§ MATERIAL FOR THIS TASK:
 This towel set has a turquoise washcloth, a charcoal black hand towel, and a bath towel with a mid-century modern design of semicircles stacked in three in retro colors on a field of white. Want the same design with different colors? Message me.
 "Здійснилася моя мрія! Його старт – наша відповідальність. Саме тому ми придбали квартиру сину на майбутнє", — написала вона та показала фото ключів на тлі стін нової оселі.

...

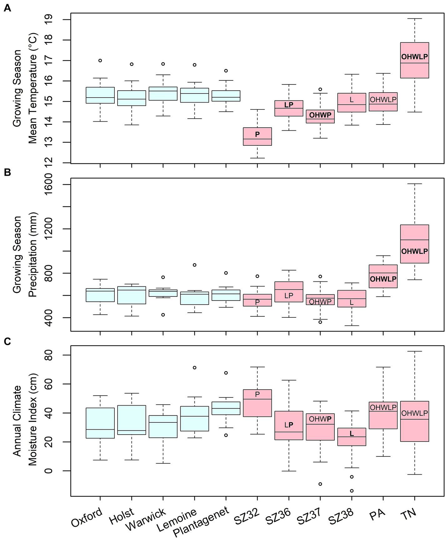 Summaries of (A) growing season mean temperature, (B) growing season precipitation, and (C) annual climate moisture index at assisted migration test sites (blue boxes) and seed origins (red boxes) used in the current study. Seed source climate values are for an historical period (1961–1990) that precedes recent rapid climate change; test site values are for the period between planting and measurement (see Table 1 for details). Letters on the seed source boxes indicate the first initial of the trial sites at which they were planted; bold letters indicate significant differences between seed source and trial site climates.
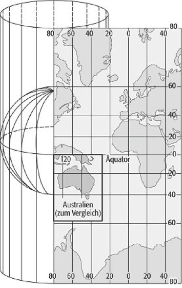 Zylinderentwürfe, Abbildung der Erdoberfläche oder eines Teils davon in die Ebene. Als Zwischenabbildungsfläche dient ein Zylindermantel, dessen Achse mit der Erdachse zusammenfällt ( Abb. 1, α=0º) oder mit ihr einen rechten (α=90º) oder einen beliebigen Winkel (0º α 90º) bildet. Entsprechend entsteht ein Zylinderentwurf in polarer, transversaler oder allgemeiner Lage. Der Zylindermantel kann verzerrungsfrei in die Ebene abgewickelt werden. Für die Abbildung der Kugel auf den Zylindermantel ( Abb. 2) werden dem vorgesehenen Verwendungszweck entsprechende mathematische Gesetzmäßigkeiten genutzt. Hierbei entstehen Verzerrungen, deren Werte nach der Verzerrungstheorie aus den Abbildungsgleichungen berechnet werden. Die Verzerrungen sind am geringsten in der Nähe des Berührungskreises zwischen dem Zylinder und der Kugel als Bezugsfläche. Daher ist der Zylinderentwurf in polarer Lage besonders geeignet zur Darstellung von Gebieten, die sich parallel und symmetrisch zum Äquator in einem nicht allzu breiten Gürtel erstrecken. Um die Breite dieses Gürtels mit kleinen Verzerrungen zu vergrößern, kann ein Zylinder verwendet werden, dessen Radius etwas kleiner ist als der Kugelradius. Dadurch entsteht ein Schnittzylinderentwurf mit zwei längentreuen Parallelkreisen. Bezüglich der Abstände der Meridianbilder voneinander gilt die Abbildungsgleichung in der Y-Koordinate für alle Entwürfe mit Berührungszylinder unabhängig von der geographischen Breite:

* * *

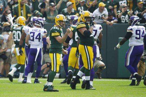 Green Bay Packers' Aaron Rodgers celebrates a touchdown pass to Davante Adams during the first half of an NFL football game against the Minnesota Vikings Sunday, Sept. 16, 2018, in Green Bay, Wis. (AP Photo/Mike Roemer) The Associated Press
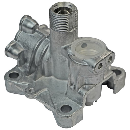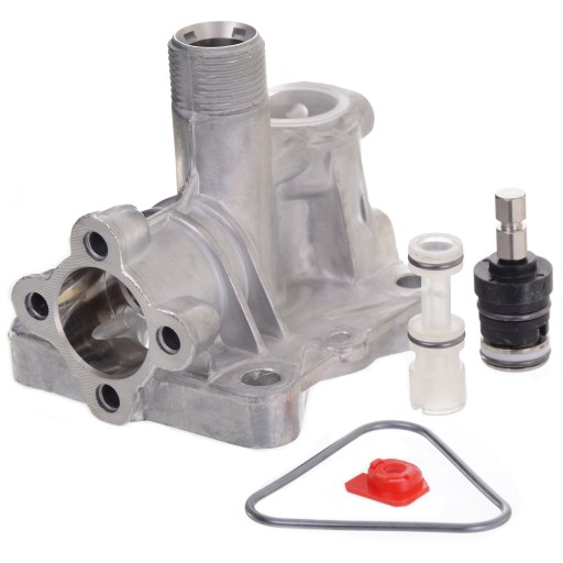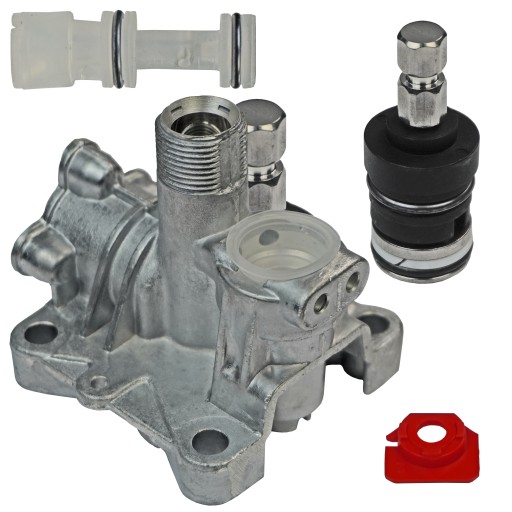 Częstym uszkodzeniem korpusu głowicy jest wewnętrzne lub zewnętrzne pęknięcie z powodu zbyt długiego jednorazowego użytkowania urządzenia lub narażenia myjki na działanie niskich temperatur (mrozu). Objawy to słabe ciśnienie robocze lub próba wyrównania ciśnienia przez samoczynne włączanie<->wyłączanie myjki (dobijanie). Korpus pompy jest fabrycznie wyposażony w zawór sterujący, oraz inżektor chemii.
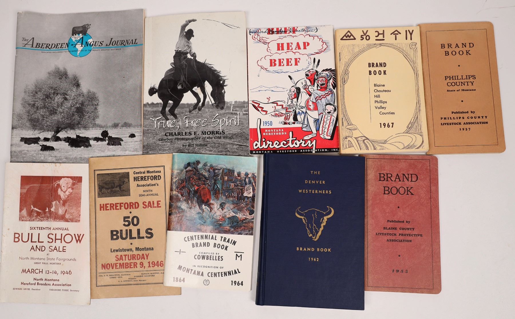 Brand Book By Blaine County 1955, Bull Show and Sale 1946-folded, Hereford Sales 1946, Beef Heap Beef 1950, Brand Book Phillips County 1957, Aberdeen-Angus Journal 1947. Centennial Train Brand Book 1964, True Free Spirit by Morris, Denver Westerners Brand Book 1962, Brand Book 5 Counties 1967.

§ INSTRUCTIONS FOR THE TASK:
Everything from the line with "Częstym uszkodzeniem korpusu" through the line with "Brand Book By" in the material above should be transcribed exactly, except the pictures.

§ YOUR SOLUTION:
 Częstym uszkodzeniem korpusu głowicy jest wewnętrzne lub zewnętrzne pęknięcie z powodu zbyt długiego jednorazowego użytkowania urządzenia lub narażenia myjki na działanie niskich temperatur (mrozu). Objawy to słabe ciśnienie robocze lub próba wyrównania ciśnienia przez samoczynne włączanie<->wyłączanie myjki (dobijanie). Korpus pompy jest fabrycznie wyposażony w zawór sterujący, oraz inżektor chemii.
 Brand Book By Blaine County 1955, Bull Show and Sale 1946-folded, Hereford Sales 1946, Beef Heap Beef 1950, Brand Book Phillips County 1957, Aberdeen-Angus Journal 1947. Centennial Train Brand Book 1964, True Free Spirit by Morris, Denver Westerners Brand Book 1962, Brand Book 5 Counties 1967.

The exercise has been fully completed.